The King David exchange, part 3: ‘The biblical text always has an agenda’

February 11, 2015

Joel Baden is Professor of Hebrew Bible at the Yale Divinity School. He holds degrees in Judaic Studies (BA, Yale), Semitic Languages (MA, University of Chicago), and Hebrew Bible (PhD, Harvard). He specializes in the literary history of the Hebrew Bible, particularly of the Pentateuch, as well as in disability theory in biblical studies. Along with numerous scholarly articles and essays, he has authored four books.

This exchange focuses on his book The Historical David: The Real Life of an Invented Hero (HarperOne, 2014). You can find parts one and two here and here.


Dear Professor Baden,

In the previous round you described King David as a very earthy politician. “He was constantly on a campaign”, you wrote, “and I think we can in many ways read the biblical narrative as the press release for that campaign.”

A curious aspect of this “press release”, though, is that the final biblical narrative as we know it was only ‘released’ hundreds of years after the events it purports to describe. This raises some questions as to whose press release and whose campaign we are talking about. Was the glorification of David’s legacy something he himself was responsible for, was it chiefly the product later generations? Was it cynically contrived at some point, or did the myth gradually evolve throughout the centuries?

And more generally speaking, what can the discrepancies between ‘Mythical David’ and ‘Historical David’ teach us about the way the Biblical narrative was formed and edited? How do you expect your account to change the reader’s attitude toward early Jewish history?

(I know I bombarded you with quite a few questions there, but I thought we should go out with a bang. Thanks again for the book and for participating in this exchange.)




Dear Shmuel,

We have to keep in mind that the “press release” for David went through a number of editions – it was printed and reprinted, as it were, and even replaced by alternative versions. So while it is undoubtedly true that the version we have in the books of Samuel and Kings didn’t exist in its canonical form until some time after the exile, which is to say hundreds of years after David lived, that doesn’t mean that the David story itself dates from that time. Rather, we must recognize, as scholars have for hundreds of years now, that the books of Samuel and Kings contain a lot of much earlier material, collected and edited together around the time of the exile in the sixth century BCE. I think it’s safe to say that the David narrative is some of that earlier material.

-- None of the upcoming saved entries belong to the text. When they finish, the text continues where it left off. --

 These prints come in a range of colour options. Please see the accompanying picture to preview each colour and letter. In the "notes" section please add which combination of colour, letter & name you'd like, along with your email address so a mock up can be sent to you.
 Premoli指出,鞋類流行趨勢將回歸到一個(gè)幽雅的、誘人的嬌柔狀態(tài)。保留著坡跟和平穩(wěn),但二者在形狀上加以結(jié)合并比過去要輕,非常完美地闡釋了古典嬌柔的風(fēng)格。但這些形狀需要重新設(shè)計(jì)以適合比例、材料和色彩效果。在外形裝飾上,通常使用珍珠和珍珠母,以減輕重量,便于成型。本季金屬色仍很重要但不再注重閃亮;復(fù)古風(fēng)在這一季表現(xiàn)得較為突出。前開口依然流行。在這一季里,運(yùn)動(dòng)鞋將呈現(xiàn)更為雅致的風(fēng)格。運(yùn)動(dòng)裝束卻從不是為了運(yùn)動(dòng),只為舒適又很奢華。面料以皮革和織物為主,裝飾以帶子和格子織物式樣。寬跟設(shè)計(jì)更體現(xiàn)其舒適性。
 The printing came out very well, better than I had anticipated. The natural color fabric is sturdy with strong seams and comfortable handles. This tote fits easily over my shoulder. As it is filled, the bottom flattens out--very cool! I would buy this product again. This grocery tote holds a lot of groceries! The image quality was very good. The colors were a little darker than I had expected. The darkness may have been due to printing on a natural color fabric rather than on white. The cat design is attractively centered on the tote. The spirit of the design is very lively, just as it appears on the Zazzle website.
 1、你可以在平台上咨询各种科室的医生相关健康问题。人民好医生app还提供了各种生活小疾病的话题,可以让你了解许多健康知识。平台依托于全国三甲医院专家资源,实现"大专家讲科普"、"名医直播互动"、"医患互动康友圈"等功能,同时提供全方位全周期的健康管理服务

The indications that it is in fact from around David’s time, the tenth century or so, are in the text itself. All the stories in which David comes off as violent, or potentially so; all the embarrassing details, especially his having worked with and lived among Israel’s arch-enemy, the Philistines, for over a year; all the events that speak poorly of David’s power and influence, such as the success of Absalom’s revolt – all these make little sense as part of a much later recreation of David’s life. They are the kinds of stories that one tells, and then spins, only when one has to. These aren’t cynical contrivance, entirely invented. I say that with some confidence because we in fact know exactly what it looks like when a much later author has free rein to retell David’s legend: we have the version from the book of Chronicles, from around 400 BCE. None of those potentially embarrassing stories exist in the Chronicles version of David’s life: it’s all glorious.

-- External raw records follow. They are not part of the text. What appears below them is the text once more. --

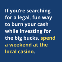 Mommy Miller always said, “If it’s too good to be true, don’t buy it.” If you’re searching for a legal, fun way to burn your cash while investing for the big bucks, spend a weekend at the local casino.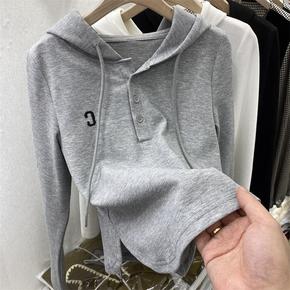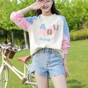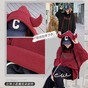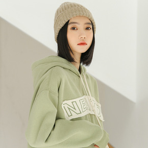 2022秋冬新款韩版慵懒字母绣花拼接连帽外套宽松套...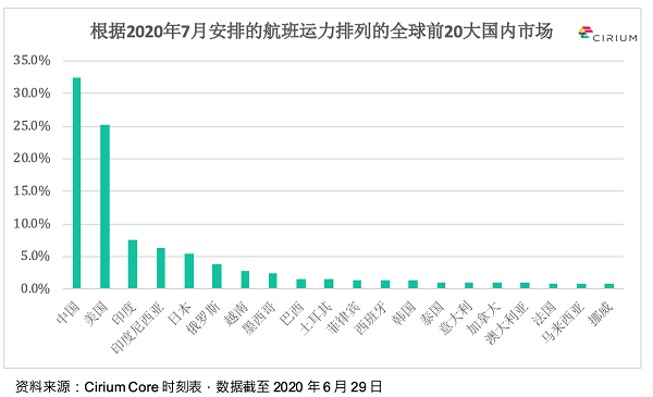 根据2020年7月的航班时刻表,全球前20的国内市场航班总数超过130万架次,与2019年相比下降了三分之一(32%)。

So while I wouldn’t go so far as to say that David himself was responsible for the promulgation of his PR campaign, it is probably safe to say that it was undertaken in or just after his reign. And it’s too simple to ask whether it was only from his time or chiefly from later: it was both, as the narrative in Samuel-Kings underwent constant revision, and as the alternative cleaned-up version in Chronicles was composed anew.

In the broad terms of your final question: what I most want people to understand in this regard is that the biblical text always has an agenda, and that its meaning is never quite stable. The original authors may have intended us to read it and understand it in a certain way, but later editors have put their own stamps on the book, and changed its focus and import. And we of course bring our own biases and predispositions to the text, which color how we encounter and understand it.

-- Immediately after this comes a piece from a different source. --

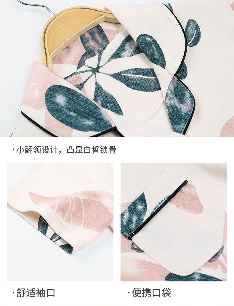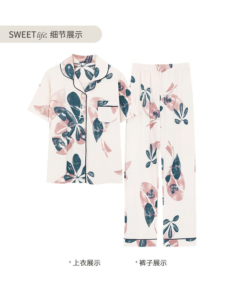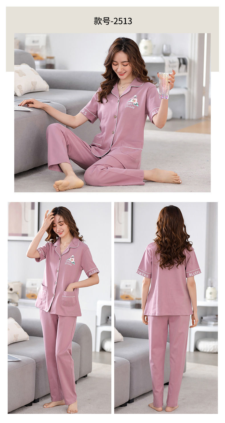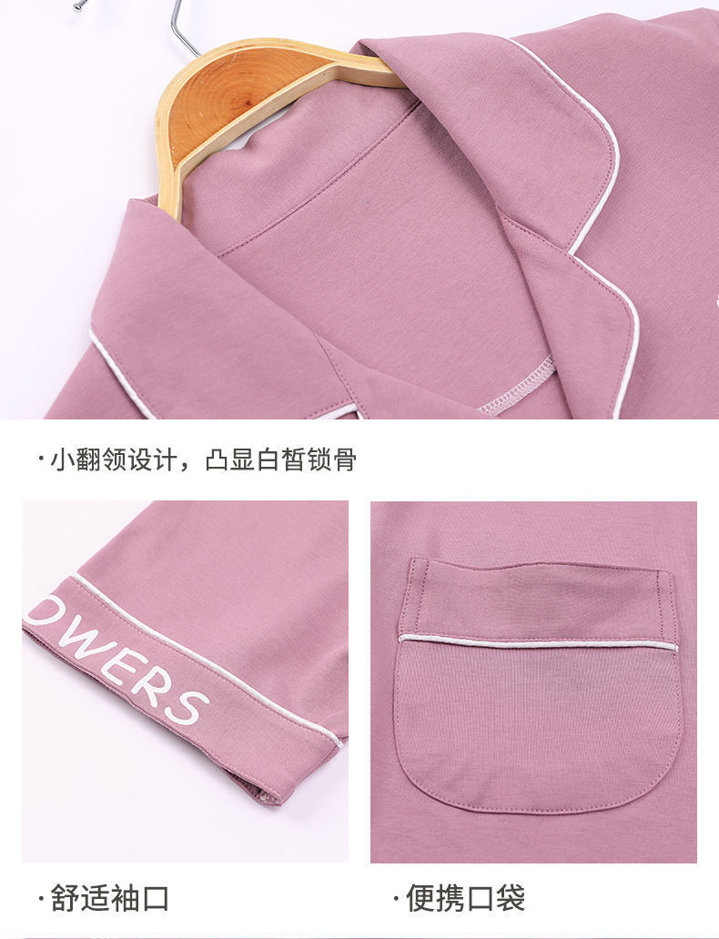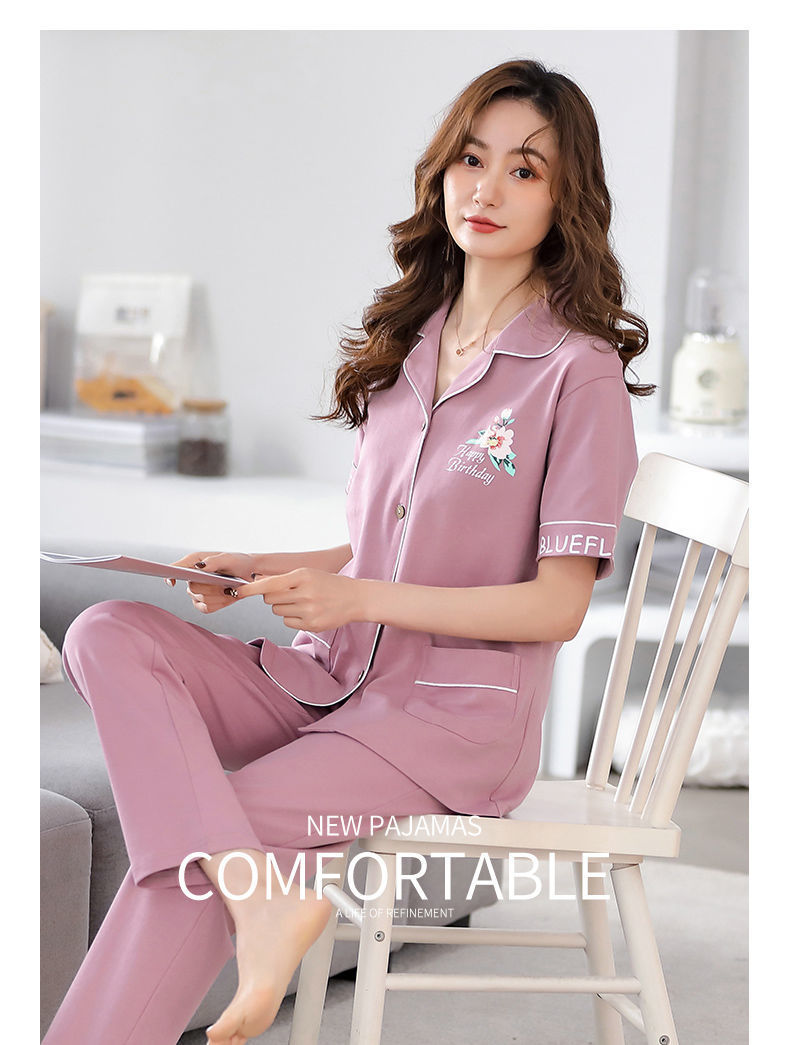 Pijamas de algodón de mediana edad y ancianos pantalones de manga corta para mujer cardigan de talla grande delgada solapa de dos piezas ropa para el hogar

It’s less about changing attitudes toward early Jewish history and more about recognizing where our notion of that history comes from. Are we really talking about history in the modern objective sense of what may have actually happened and why? Or are we talking about a version of history that is part of the story that we as Jews have been telling ourselves for millennia? Neither is more valuable or more “real” than the other, in the end. The Jewish story, whether it is historically “true” or not, is certainly “true” in the most important sense of providing us with a guiding set of values and self-conception, in which we all participate far more than we ever could in a sequence of events from thousands of years ago.

It’s been a pleasure – thanks for the opportunity.